Even with President Obama’s recent endorsement of same-sex marriage, and multiple courts around the country finding the Defense of Marriage Act unconstitutional, many gay and lesbian workers still feel under fire. A recent article in the Los Angeles Times today demonstrates the discrimination many gay and lesbian workers continue to face in the workplace. The article profiled a high school water polo coach in Covina, California, just outside Los Angeles, who was fired for photos he had posted publicly on his social media networking accounts that showed him posing with drag queens at a party and jokingly playing with food while at a county fair with friends. It seems that after a person anonymously delivered printouts of the photos to administrators at the high school he worked at (and which his daughter also attends), he was fired. While terminating him, his supervisor, the principal of Covina’s Charter Oak High School, allegedly told him that employees at the high school were held to a “higher standard.” A higher standard indeed; after all, the photos had been posted years ago, before his employment at the school, and it took an anonymous tip for the school even to be aware of them. The fired coach immediately sued, alleging sexual orientation discrimination, and his case is now pending in the Los Angeles County Superior Court.

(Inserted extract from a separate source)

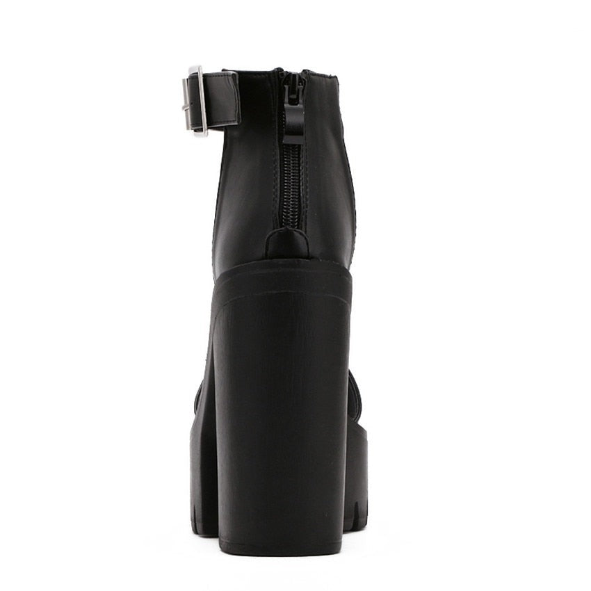 The Erika Heels because you stand strong in your sexy. Pose in these thick strap platform heels with lugged soles and an ankle strap.
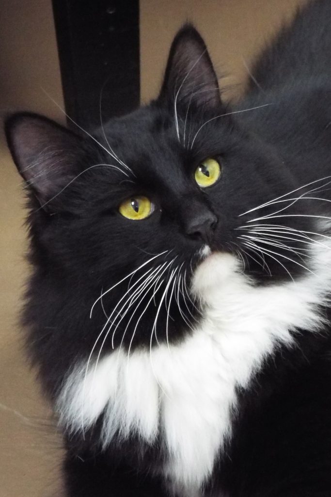 “Walked out my front door and found him lying on my porch.” That’s it. Well, not exactly. Turns out I could hardly walk and was in obvious pain, and after I had x-rays taken, they discovered I had a broken pelvis! I’ve been cooling my heels in an enclosure since ‘cause I wasn’t allowed to walk or jump until it healed, and knowing how active most cats are (and given that I’m only 3) you can imagine that wasn’t MY idea of fun! But it worked, and I’m almost healed, so since I’ve gotten tons of hands-on attention to keep me from getting bored, I’d like you to be sure that continues when we’re together!

Even though gay rights and gay marriage are still hotly contested issues throughout the country, one thing should be clear to employers however: in California, sexual orientation discrimination is illegal and has been for years. Employers are not allowed to hold gay and lesbian workers to a “higher standard” than their other employees. While the federal government has never passed a law prohibiting discrimination by private employers based on sexual orientation, many states have. Currently 21 states and the District of Columbia prohibit sexual orientation discrimination, as do dozens of cities and counties around the country. California was one of the earliest states to prohibit discrimination based on sexual orientation, with the passage in 1992 of Labor Code Section 1102.1. Although the labor code was subsequently repealed, sexual orientation discrimination in the workplace continues to be prohibited under the California Fair Employment and Housing Act, Gov. Code §12940 et seq. Sexual orientation discrimination has also been prohibited by many cities and counties in California, including San Francisco.
What this means is that employment discrimination based on sexual orientation is just as illegal in California as discrimination based on sex, race, ethnic origin or religion. That means in a case like that of the water polo coach above, he only needs to show that he was treated differently than non-gay employees in the decision to terminate him. One way the coach can show that is by providing evidence that other employees who had acted similarly were not fired. For example, if other employees also had public photos on their social networking sites of them acting similarly, yet the school never terminated them, that would be strong evidence of illegal sexual orientation discrimination. Likewise, other evidence that gay or lesbian workers were disproportionately fired, like alleged in the article, would also help his case. Any evidence of harassment or stray comments indicating bias against gay or lesbian people would further strengthen his claim.
It seems, according to the article, that a number of other gay employees had felt that the expectation was that they would hide their orientation. One former employee who left to find a more accepting environment likened it to an informal “don’t ask, don’t tell” policy at the high school. Such informal policies, while they may be permissible in other states that do not yet prohibit sexual orientation discrimination, are patently illegal in California. No gay or lesbian worker living in California should ever feel like they are being held to a “higher standard” than their heterosexual counterparts. This case seems to indicate that some California employers need a reminder of that.